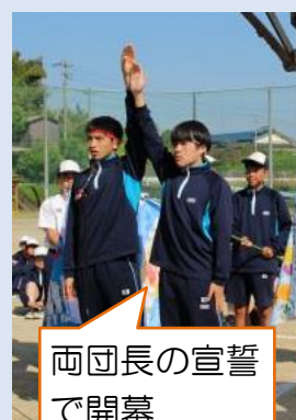
両団長の宣誓 で開幕

5月13日(火)は好天に恵まれ生徒会主催で若鷹祭が行われました。生徒たちは、今年度のテーマである「さいこう～輝け 全員が主人公～」のように全力で競技や応援に臨み、その姿はみんな光り輝いていました。そして、本番の結果だけでなく、練習や準備にひたむきにがんばっていた人、リーダーシップを発揮していた人、励ます声かけをしてくれた人、一緒に喜んでくれた人など、こんながんばりをしてくれた人がたくさんいたから、さいこうの若鷹祭になったと思っています。みんなありがとう！
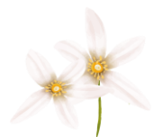
fiori di arancio
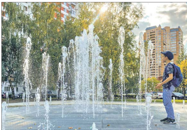
«Сухой» фонтан на Новокосинской

В районе Ивановское благоустроена улица Сталеваров. От Новогиреевского пруда проложен удобный пешеходный маршрут с уличными фонарями в сторону города Реутова.
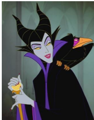
Gambar 2.16 Contoh tokoh Triangles , Maleficent (2012) ( https://disney.fandom.com/wiki/Maleficent )

Bentuk segitiga dapat melambangkan tokoh yang menyeramkan, dan mencurigakan. Segitiga memiliki siku yang tajam di setiap sudutnya, membuat sebuah tokoh yang menggunakan bentuk segitiga cenderung terlihat sebagai tokoh yang jahat (hlm.32-35).
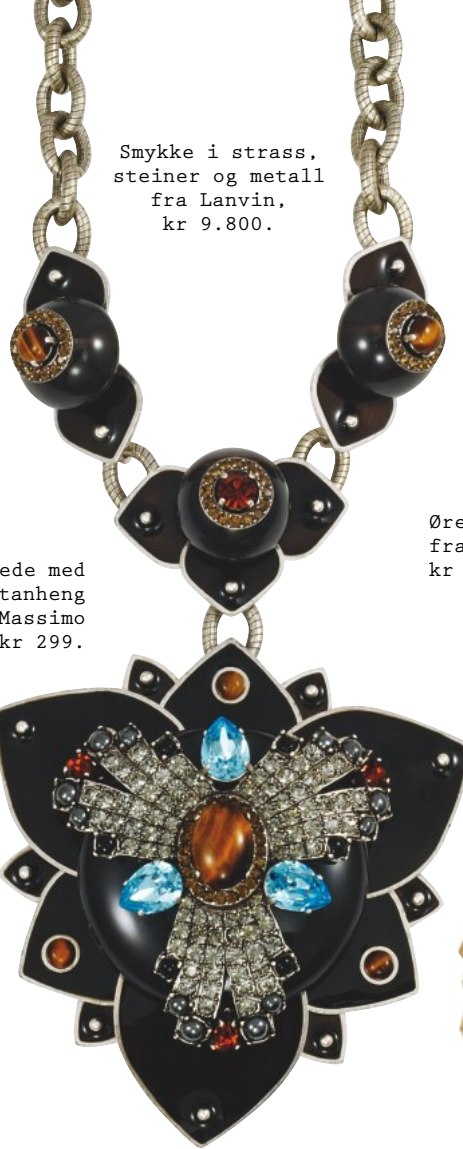
Smykke i strass, steiner og metall fra Lanvin, kr 9.800.
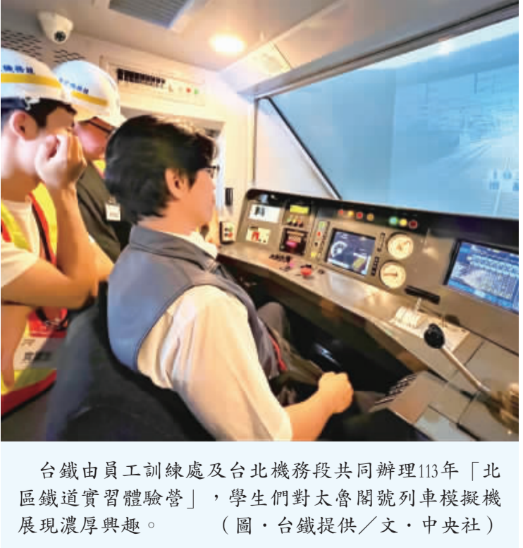
台鐵由員工訓練處及台北機務段共同辦理113年「北區鐵道實習體驗營」，學生們對太魯閣號列車模擬機展現濃厚興趣。(圖、台鐵提供/文、中央社)

【中央社記者汪淑芬台北18日電】台鐵為招攬高教技術人才，日前舉辦實習體驗營，有8所大專院校、52名在職生報名，學生樂於動手實作，對太魯閣號列車模擬機更躍躍欲試。 台鐵今天發布新聞稿說，為招攬各大專院校高教技術人才，15日由員工訓練處及台北機務段，共同辦理113年「北區鐵道實習體驗營」。 台鐵指出，這次體驗營有國立台北科技大學、亞東科技大學、國立陽明交通大學、逢甲大學、正修科技大學、中華大學、暨南大學及致理科技大學等8所車輛工程及機電系統計52名在職生主動報名參加。 台鐵總經理馮輝昇向參加體驗營的學生提到，以「淨零碳排」的未來發展趨勢，導入鐵路運輸的未來挑戰與策略，及台鐵未來發展，並由他自身職涯經歷，勉勵學生，勇於嘗試、挑戰自我。 我，取得幸福人生的乘車票。馮輝昇也向學員遞出橄欖枝，保證台鐵是一個福利好、升遷與進修管道順暢的工作環境，對擁有專業技術的學生來說，絕對是一個很好的自我實現的工作場所，鼓勵未來新鮮人共同加入台鐵團隊。 台鐵這次舉辦的體驗營，主要介紹鐵路司機員與檢査員工作、車輛檢修作業與設備導覽、自動化設備實務，同時也讓學員親身體驗地下車床與洗車機、閘瓦安裝、鬆緊控制操作、列車自動防護系統(ATP)、轉盤操作、駕駛模擬器等。 台鐵指出，為讓學員能深入瞭解實務運作，台北機務段共派出講師、助教與領隊共13人，現場講解與操作，參加學員在實習過程中樂於動手實作，尤其對太魯閣EMU1000型模擬機，更是躍躍欲試。
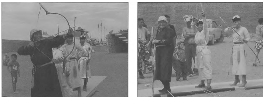
Fot. 8, 9. Zawody łucznicze (konkurencje również dla kobiet) w Dalanzadgad Phot. 8, 9. Archery competition (also for women) in Dalanzadgad

Łucznictwo – od przeszło 60 lat prawo startu mają tu również kobiety, które posiadają 20 strzał, natomiast mężczyźni 40 strzał. Strzela się do sur , plecionych rzemiennych koszyczków, których centralne miejsce zajmują czerwone, najwyżej punktowane koszyczki. Tak utworzona „tarcza”, (szerokość 4 m i wysokość 50 cm) z centralnie umieszczonymi czerwonymi koszyczkami, zostaje ustawiona na ziemi. Sędziowie przy celnym strzale podnoszą ręce i wyśpiewują zaklęte słowa uuchaj (oko byka). Okrzyk ma symboliczne znaczenie, albowiem ma odstraszać złe moce, pobudzać przyrodę do życia. Łuki mongolskie są zbudowane w tradycyjny sposób z twardego drewna i elementów kości. Strzały wykonane są z młodej wierzby, lotki z piór sępa, a groty z kości. Dystans dla kobiet – 60 m, dla mężczyzn – 75 m. Dla dzieci – liczba lat x 3 u dziewcząt, x 4 dla chłopców. Celem zawodów jest zdobycie tytułu Mergen (Dobry Strzał). Zwycięzcom dodaje się przymiotniki dokładny , zręczny . Słaby strzelec zwala winę na rękawy .
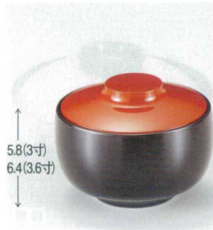
10-243-9 TM 3寸春日椀 赤/黒内黒塗 W-5-83 ¥1,800 (8.8φ×7.5) 楕100 220cc 10-243-10 TM 3.6寸春日椀 赤/黒内黒塗 W-5-84 ¥2,000 (10.5φ×8.2) 楕100 330cc
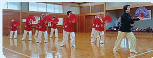
上級生の練習風景▶
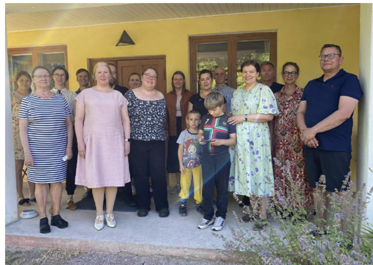
Herman-päivien luennoitsijoita, yhteistyökumppaneita ja hermanilaisia 21.7.2023 Louhisaaren kartanolinnan kesäillalla.
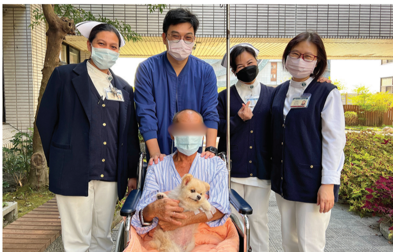
►「阿吉」是陳先生唯一的親人，也是生活下去的最大動力，所以聽到要住院，才會這麼抗拒；「根本沒想到醫院（醫護人員）會幫我照顧阿吉，真的非常感謝！」

心中的大石頭落地，陳先生更加積極配合治療，雖然化療的過程令他很不舒服，但只要一想到阿吉，就能產生無限勇氣。病況趨於穩定的陳先生在醫療團隊的安排下，與他唯一的家人阿吉相聚，醫療團隊也送上祝福和鼓勵，期待陳先生早日康復！（文：花蓮慈濟醫院）
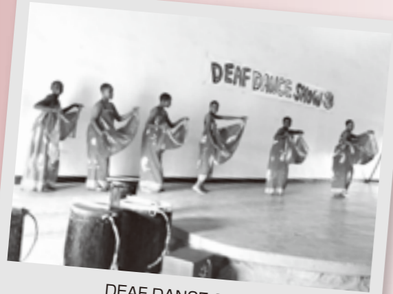
DEAF DANCE SHOW
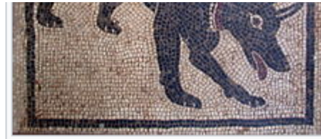
Mosaic romà mostrant un gos amb collar

ic superior , a prop del límit Plistocè-Holocè , fa entre 17.000 i nèniques de les poblacions de gossos i llops antigues i ia si tots els gossos són el producte d'una única domesticació, loc. Els gossos domèstics podrien haver-se aparellat amb procés que en genètica es coneix com a introgressió ). Els processos; podrien tenir l'origen en la cria de cadells de llop unes generacions de reproduir-se entre ells, haurien donat ien ser els descendents de llops menys propensos a fugir dels humans; aquesta tendència cions fins a arribar a un estat de domesticació completa. [17]
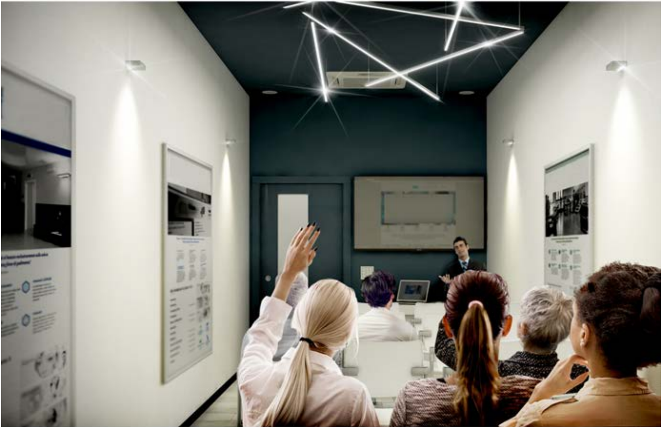
Rendering SALA RIUNIONI VICEPRESIDENZA
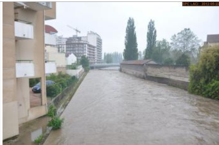
Vue de la photo en 2012

Altitude calculée de l'eau (en m) : 252.341
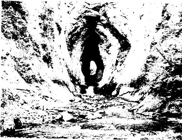
写真-2 東川右支川河川トンネル出口

★ ★ ★ ★ ★

- _Exercise goal_
Any picture in the material is to be dropped; the rest is repeated exactly.

- _Output_
両団長の宣誓 で開幕

5月13日(火)は好天に恵まれ生徒会主催で若鷹祭が行われました。生徒たちは、今年度のテーマである「さいこう～輝け 全員が主人公～」のように全力で競技や応援に臨み、その姿はみんな光り輝いていました。そして、本番の結果だけでなく、練習や準備にひたむきにがんばっていた人、リーダーシップを発揮していた人、励ます声かけをしてくれた人、一緒に喜んでくれた人など、こんながんばりをしてくれた人がたくさんいたから、さいこうの若鷹祭になったと思っています。みんなありがとう！
fiori di arancio
«Сухой» фонтан на Новокосинской

В районе Ивановское благоустроена улица Сталеваров. От Новогиреевского пруда проложен удобный пешеходный маршрут с уличными фонарями в сторону города Реутова.
Gambar 2.16 Contoh tokoh Triangles , Maleficent (2012) ( https://disney.fandom.com/wiki/Maleficent )

Bentuk segitiga dapat melambangkan tokoh yang menyeramkan, dan mencurigakan. Segitiga memiliki siku yang tajam di setiap sudutnya, membuat sebuah tokoh yang menggunakan bentuk segitiga cenderung terlihat sebagai tokoh yang jahat (hlm.32-35).
Smykke i strass, steiner og metall fra Lanvin, kr 9.800.
台鐵由員工訓練處及台北機務段共同辦理113年「北區鐵道實習體驗營」，學生們對太魯閣號列車模擬機展現濃厚興趣。(圖、台鐵提供/文、中央社)

【中央社記者汪淑芬台北18日電】台鐵為招攬高教技術人才，日前舉辦實習體驗營，有8所大專院校、52名在職生報名，學生樂於動手實作，對太魯閣號列車模擬機更躍躍欲試。 台鐵今天發布新聞稿說，為招攬各大專院校高教技術人才，15日由員工訓練處及台北機務段，共同辦理113年「北區鐵道實習體驗營」。 台鐵指出，這次體驗營有國立台北科技大學、亞東科技大學、國立陽明交通大學、逢甲大學、正修科技大學、中華大學、暨南大學及致理科技大學等8所車輛工程及機電系統計52名在職生主動報名參加。 台鐵總經理馮輝昇向參加體驗營的學生提到，以「淨零碳排」的未來發展趨勢，導入鐵路運輸的未來挑戰與策略，及台鐵未來發展，並由他自身職涯經歷，勉勵學生，勇於嘗試、挑戰自我。 我，取得幸福人生的乘車票。馮輝昇也向學員遞出橄欖枝，保證台鐵是一個福利好、升遷與進修管道順暢的工作環境，對擁有專業技術的學生來說，絕對是一個很好的自我實現的工作場所，鼓勵未來新鮮人共同加入台鐵團隊。 台鐵這次舉辦的體驗營，主要介紹鐵路司機員與檢査員工作、車輛檢修作業與設備導覽、自動化設備實務，同時也讓學員親身體驗地下車床與洗車機、閘瓦安裝、鬆緊控制操作、列車自動防護系統(ATP)、轉盤操作、駕駛模擬器等。 台鐵指出，為讓學員能深入瞭解實務運作，台北機務段共派出講師、助教與領隊共13人，現場講解與操作，參加學員在實習過程中樂於動手實作，尤其對太魯閣EMU1000型模擬機，更是躍躍欲試。
Fot. 8, 9. Zawody łucznicze (konkurencje również dla kobiet) w Dalanzadgad Phot. 8, 9. Archery competition (also for women) in Dalanzadgad

Łucznictwo – od przeszło 60 lat prawo startu mają tu również kobiety, które posiadają 20 strzał, natomiast mężczyźni 40 strzał. Strzela się do sur , plecionych rzemiennych koszyczków, których centralne miejsce zajmują czerwone, najwyżej punktowane koszyczki. Tak utworzona „tarcza”, (szerokość 4 m i wysokość 50 cm) z centralnie umieszczonymi czerwonymi koszyczkami, zostaje ustawiona na ziemi. Sędziowie przy celnym strzale podnoszą ręce i wyśpiewują zaklęte słowa uuchaj (oko byka). Okrzyk ma symboliczne znaczenie, albowiem ma odstraszać złe moce, pobudzać przyrodę do życia. Łuki mongolskie są zbudowane w tradycyjny sposób z twardego drewna i elementów kości. Strzały wykonane są z młodej wierzby, lotki z piór sępa, a groty z kości. Dystans dla kobiet – 60 m, dla mężczyzn – 75 m. Dla dzieci – liczba lat x 3 u dziewcząt, x 4 dla chłopców. Celem zawodów jest zdobycie tytułu Mergen (Dobry Strzał). Zwycięzcom dodaje się przymiotniki dokładny , zręczny . Słaby strzelec zwala winę na rękawy .
10-243-9 TM 3寸春日椀 赤/黒内黒塗 W-5-83 ¥1,800 (8.8φ×7.5) 楕100 220cc 10-243-10 TM 3.6寸春日椀 赤/黒内黒塗 W-5-84 ¥2,000 (10.5φ×8.2) 楕100 330cc
上級生の練習風景▶
Herman-päivien luennoitsijoita, yhteistyökumppaneita ja hermanilaisia 21.7.2023 Louhisaaren kartanolinnan kesäillalla.
►「阿吉」是陳先生唯一的親人，也是生活下去的最大動力，所以聽到要住院，才會這麼抗拒；「根本沒想到醫院（醫護人員）會幫我照顧阿吉，真的非常感謝！」

心中的大石頭落地，陳先生更加積極配合治療，雖然化療的過程令他很不舒服，但只要一想到阿吉，就能產生無限勇氣。病況趨於穩定的陳先生在醫療團隊的安排下，與他唯一的家人阿吉相聚，醫療團隊也送上祝福和鼓勵，期待陳先生早日康復！（文：花蓮慈濟醫院）
DEAF DANCE SHOW
Mosaic romà mostrant un gos amb collar

ic superior , a prop del límit Plistocè-Holocè , fa entre 17.000 i nèniques de les poblacions de gossos i llops antigues i ia si tots els gossos són el producte d'una única domesticació, loc. Els gossos domèstics podrien haver-se aparellat amb procés que en genètica es coneix com a introgressió ). Els processos; podrien tenir l'origen en la cria de cadells de llop unes generacions de reproduir-se entre ells, haurien donat ien ser els descendents de llops menys propensos a fugir dels humans; aquesta tendència cions fins a arribar a un estat de domesticació completa. [17]
Rendering SALA RIUNIONI VICEPRESIDENZA
Vue de la photo en 2012

Altitude calculée de l'eau (en m) : 252.341
写真-2 東川右支川河川トンネル出口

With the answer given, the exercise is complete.